Upon initiating treatment, the dose should be titrated to the recommended daily dose of 2403 mg/day over a 14-day period as follows:

  • Days 1 to 7: a dose of 267 mg administered three times a day (801 mg/day)
  • Days 8 to 14: a dose of 534 mg administered three times a day (1602 mg/day)
  • Day 15 onward: a dose of 801 mg administered three times a day (2403 mg/day)

The recommended maintenance daily dose of pirfenidone is 801 mg three times a day with food for a total of 2403 mg/day.

Doses above 2403 mg/day are not recommended for any patient.
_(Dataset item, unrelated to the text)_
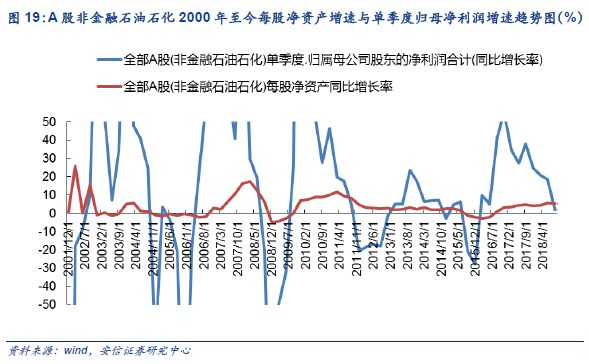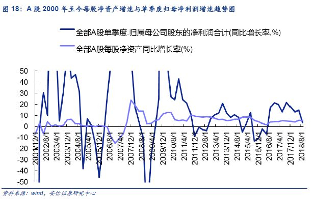 这点我们可以从2000年至今每股净资产增速与单季度归母净利润增速趋势图清楚地得到验证。在03-04、06-07年、10-11年、13-14年、16-17年,ROE在持续上升时,净利润增长率均高于净资产增加比例。

Patients who miss 14 consecutive days or more of pirfenidone treatment should re-initiate therapy by undergoing the initial 2-week titration regimen up to the recommended daily dose.

Dosage considerations

It should be taken with food to reduce the possibility of nausea and dizziness.

Active ingredient

Pirfenidone

Pirfenidone attenuates fibroblast proliferation, production of fibrosis-associated proteins and cytokines, and the increased biosynthesis and accumulation of extracellular matrix in response to cytokine growth factors such as, transforming growth factor-beta (TGF-β) and platelet-derived growth factor (PDGF).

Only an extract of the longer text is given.